Each text file in <dir_root>/data contains annotations in the format:
 
<file_name_i> Nstickmen Nparts
<1x11>  <1y11> <1x12> <1y12> 
<1x21>  <1y21> <1x22> <1y22> 
<1x31>  <1y31> <1x32> <1y32> 
<1x41>  <1y41> <1x42> <1y42> 
<1x51>  <1y51> <1x52> <1y52> 
<1x61>  <1y61> <1x62> <1y62> 
<2x11>  <2y11> <2x12> <2y12>
<2x21>  <2y21> <2x22> <2y22> 
<2x31>  <2y31> <2x32> <2y32> 
<2x41>  <2y41> <2x42> <2y42> 
<2x51>  <2y51> <2x52> <2y52> 
<2x61>  <2y61> <2x62> <2y62>  
...
<file_name_i+1> Nstickmen Nparts
...
 
where:
- <file_name_i> is the filename of the image i
- Nstickmen is the number of GT stickmen annotated in the current image
- Nparts is always 6
- each <ncsp> is a coordinate of a body part of a stickmen.

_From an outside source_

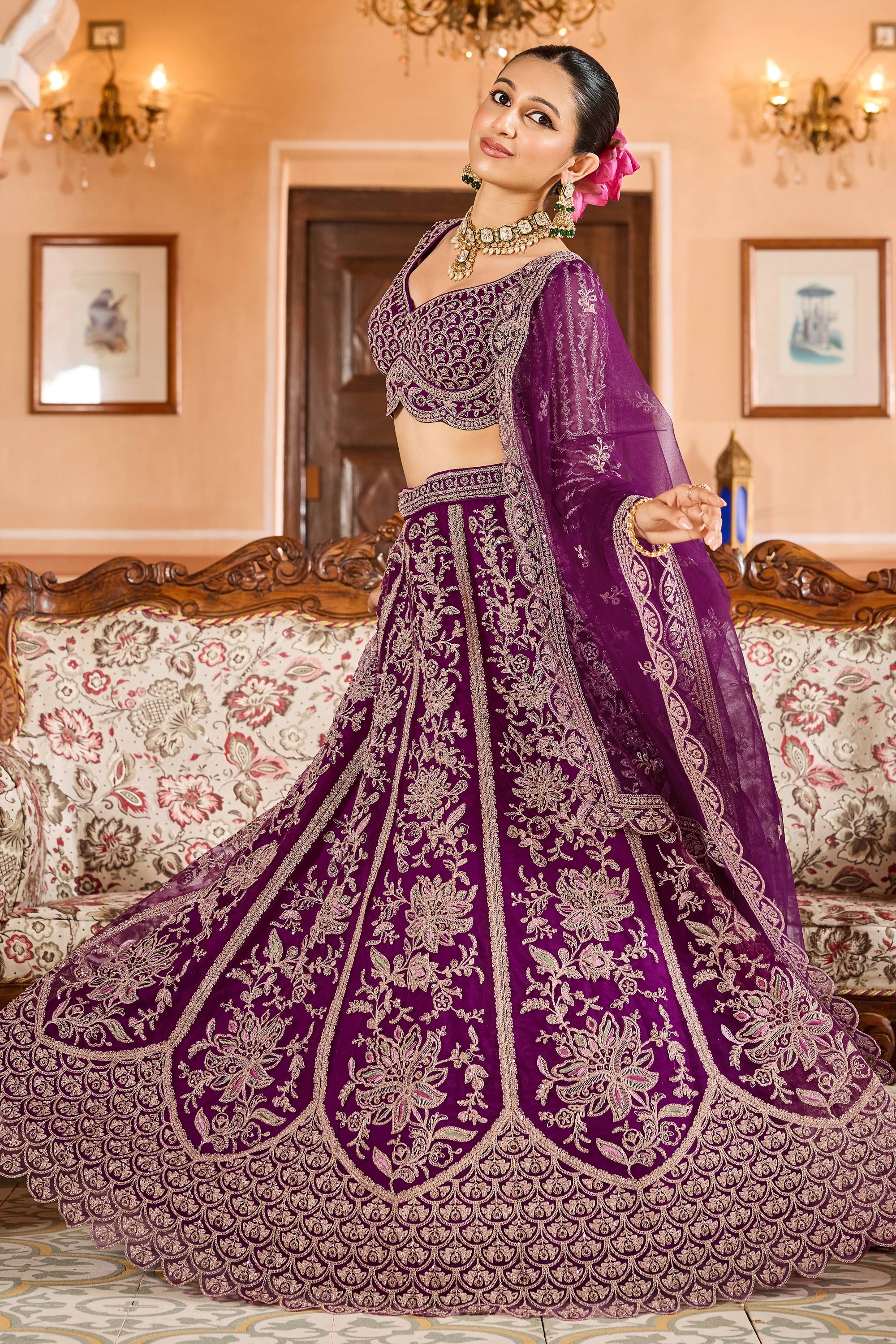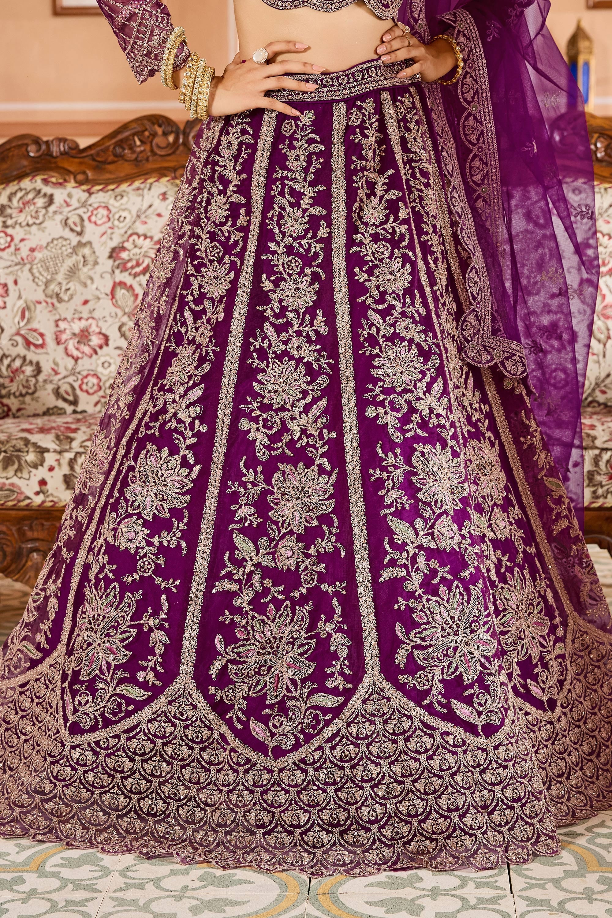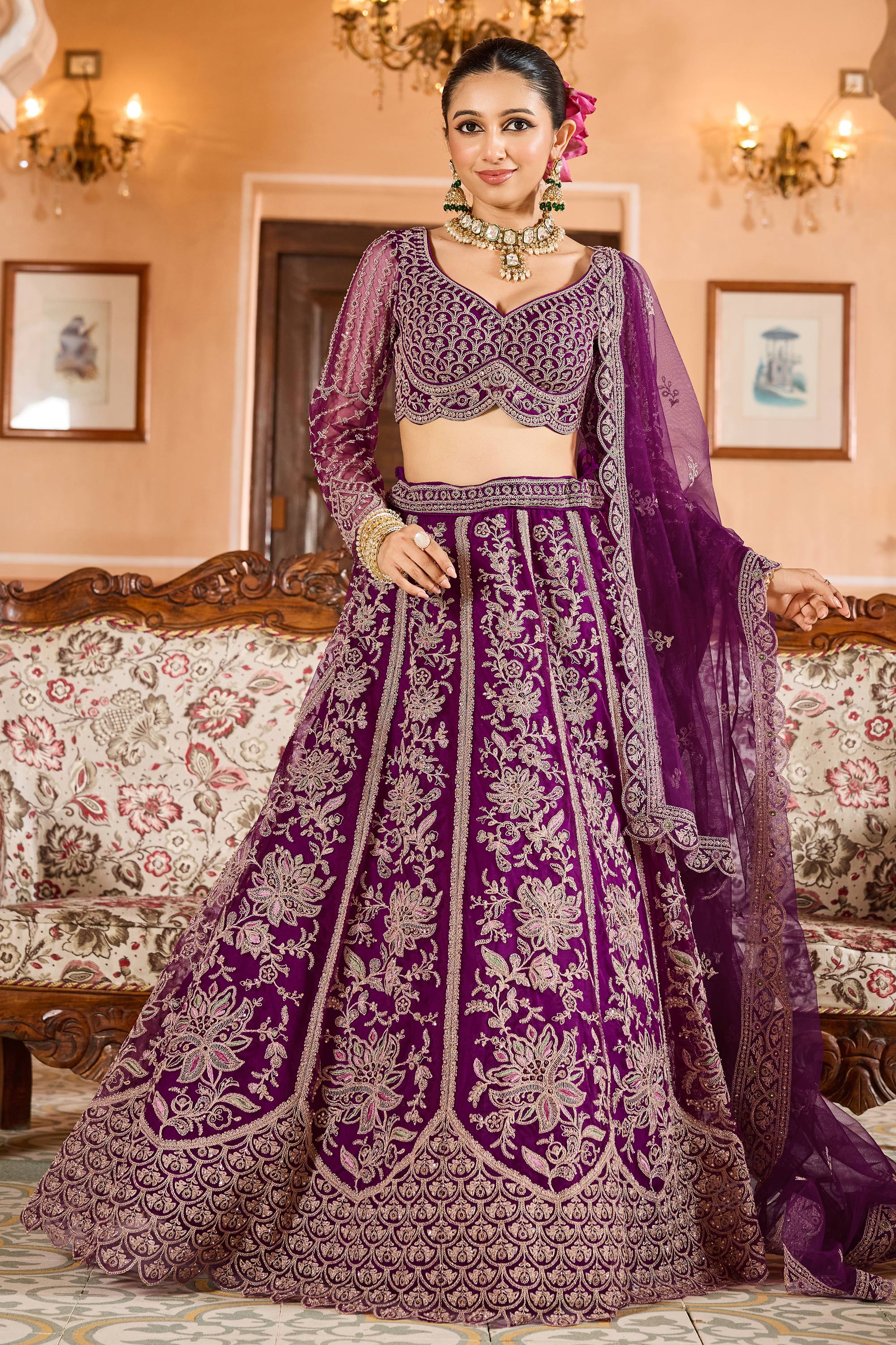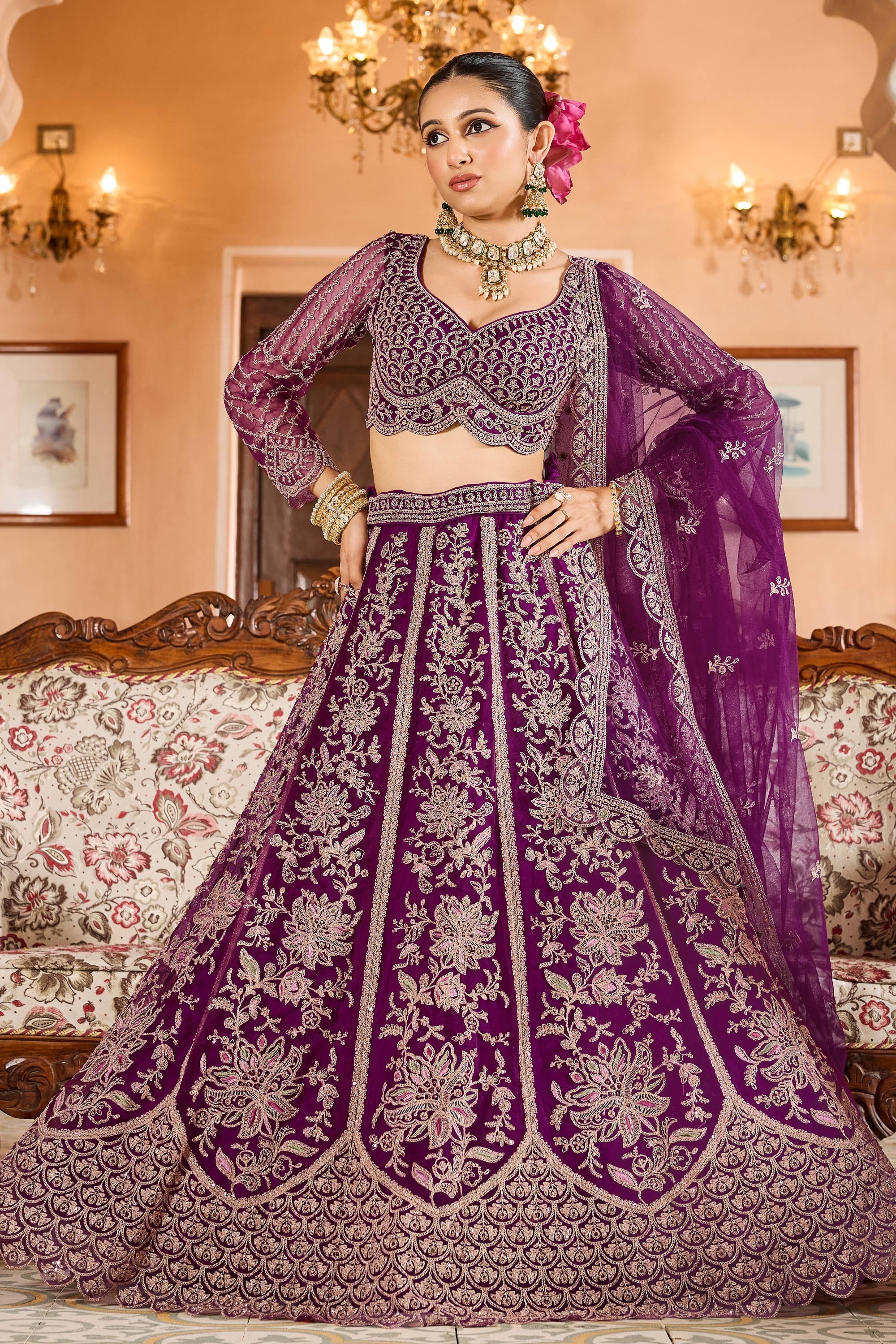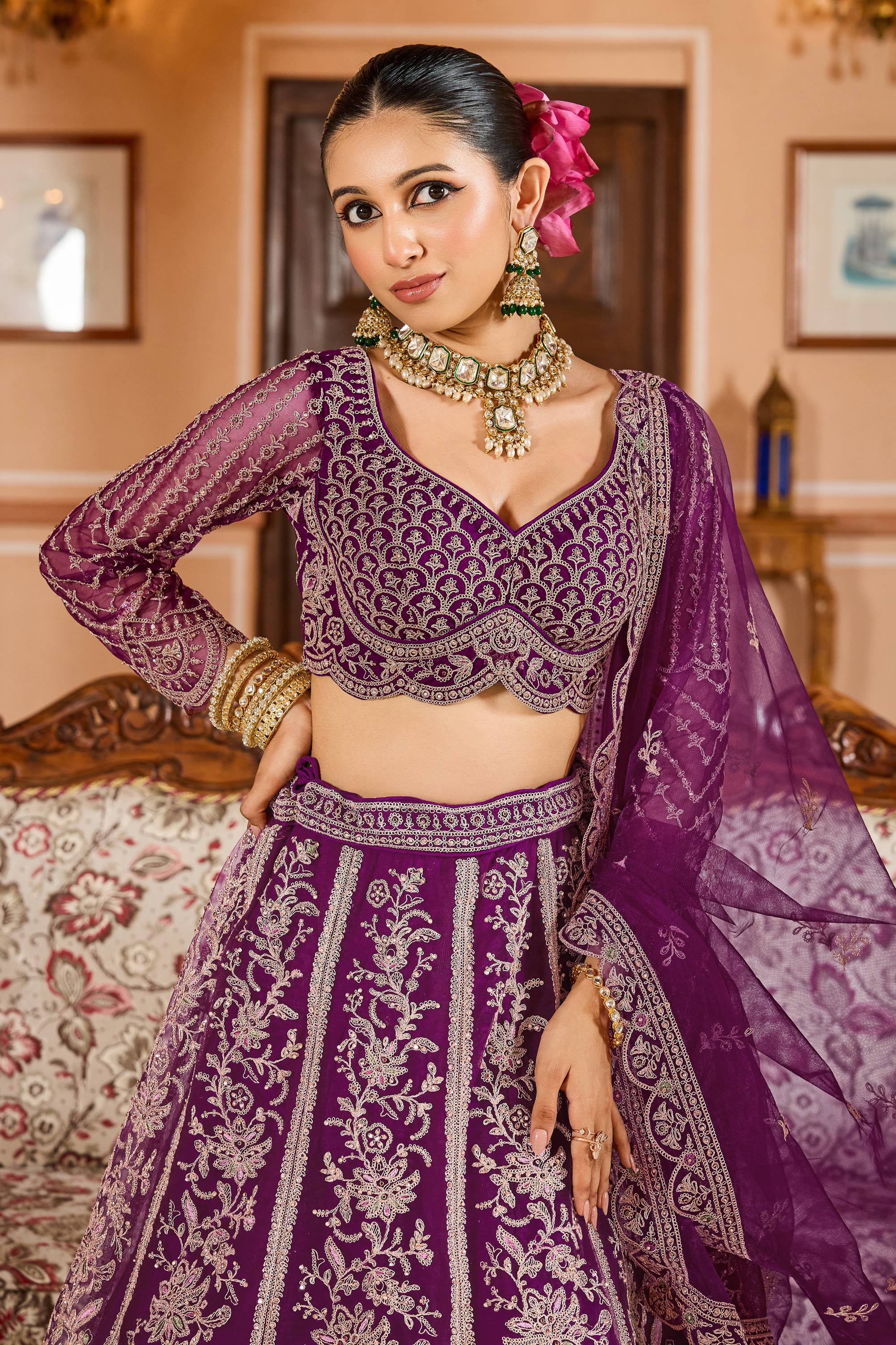 Embroidered Purple Net Fabric Lehenga Choli For Wedding Wear

More precisely:
    - stickman n (from 1 to Nstickmen)
    - coordinate c (x or y)
    - stick s (from 1 to 6)
    - end point p (1 or 2)
  The index s correspond to 1-> torso, 2-> left upper arm, 3-> right upper arm, 4-> left lower arm, 5-> right lower arm, 6-> head ('left' and 'right' as they appear in the image).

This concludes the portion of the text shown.